4.4 Qualitative Results

This section presents a qualitative analysis of the results obtained by Seq2Seg. The goal is to visualize the effect of each contribution, i.e. the impact of Level A and Level B contributions. In these visualization examples, the output of the object detector corresponds to the predictions before the last NMS was performed independently of the class of the predicted bounding box. Figure 6 emphasizes the relevance of Level A contribution. The filtering process by the recognition model selects the correct number of letters by minimizing the overlap and maximizing the coverage rate. Moreover, the use of the segmentation lattice in Level B contribution produces a precise segmentation of the handwriting words especially in example 1 where the bounding boxes of the letters “i” and “t” overlap.

Fig. 6.
figure 6

Examples with an accurate recognition and a precise segmentation.

Figure 7 illustrates examples where the recognition model makes errors. In example 1, there is no matching between the prediction of the recognition model and the object detector. We can see that the Seq2Seq makes recognition errors and therefore its associated filtering would be wrong. In this case, the bounding boxes and labels predicted by the object detector are used and provide an accurate result in recognition and segmentation. Example 2 shows a case where the filtering by the recognition model leads to a segmentation error. In addition, we can note the omission of the drawing of the point of the “i” in example 2 which is quite common in a context of learning how to write.

Fig. 7.
figure 7

Examples where the recognition model makes errors: in example 1, there is no matching between the recognition model and the object detector. In example 2 the filtering leads to an under-segmentation error.

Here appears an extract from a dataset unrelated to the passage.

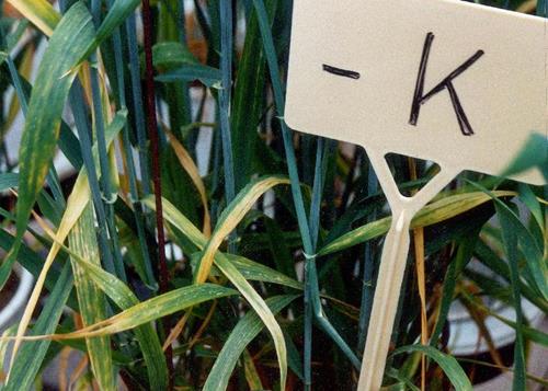 Potassium deficiency results in a characteristic pattern of leaf discoloration by small whitish-yellow spots, followed by scorching or browning of the leaf edge of lower, older leaves. Intercostal chlorosis occurs toward the leaf base.

Note that evaluating the quality of the handwriting segmentation with the currently used metrics is difficult. Indeed, it is not easy to define an absolute segmentation ground truth for some letters due to the ligature area between letters. Thus, a prediction can have an IoU lower than 100% with the ground truth while the associated segmentation is correct. Moreover, the ground truth class associated with a degraded letter can vary according to the annotator (confusion between the letter “e” and the letter “l”, “a” and “o” ...). Taking into account the uncertainty in the predictions might be helpful to know when a (human) teacher should take over the automated system to provide a more useful advice to the children.

5 Conclusion

We presented Seq2Seg, an original combination strategy which uses a model dedicated to recognition as an oracle to filter out the segmentation predictions of an object detector and then refines the segmentation using an expert segmentation lattice. Seq2Seg produces the best of both worlds: the accurate recognition of a Seq2Seq and the precise segmentation provided by an R-CNN object detector. Seq2Seg is efficient enough to provide immediate feedback to children learning how to write and it outperforms the state of the art results on this task without the use of a language model. This last point makes Seq2Seg much more flexible to other learning contexts. Our future work will focus on evaluating and improving the quality of the feedback in school contexts. In particular, we plan to better leverage the uncertainty of the decisions (both for the Seq2Seq and the object detector), for example by allowing the system to reject hypotheses, to prevent giving erroneous feedback to the children.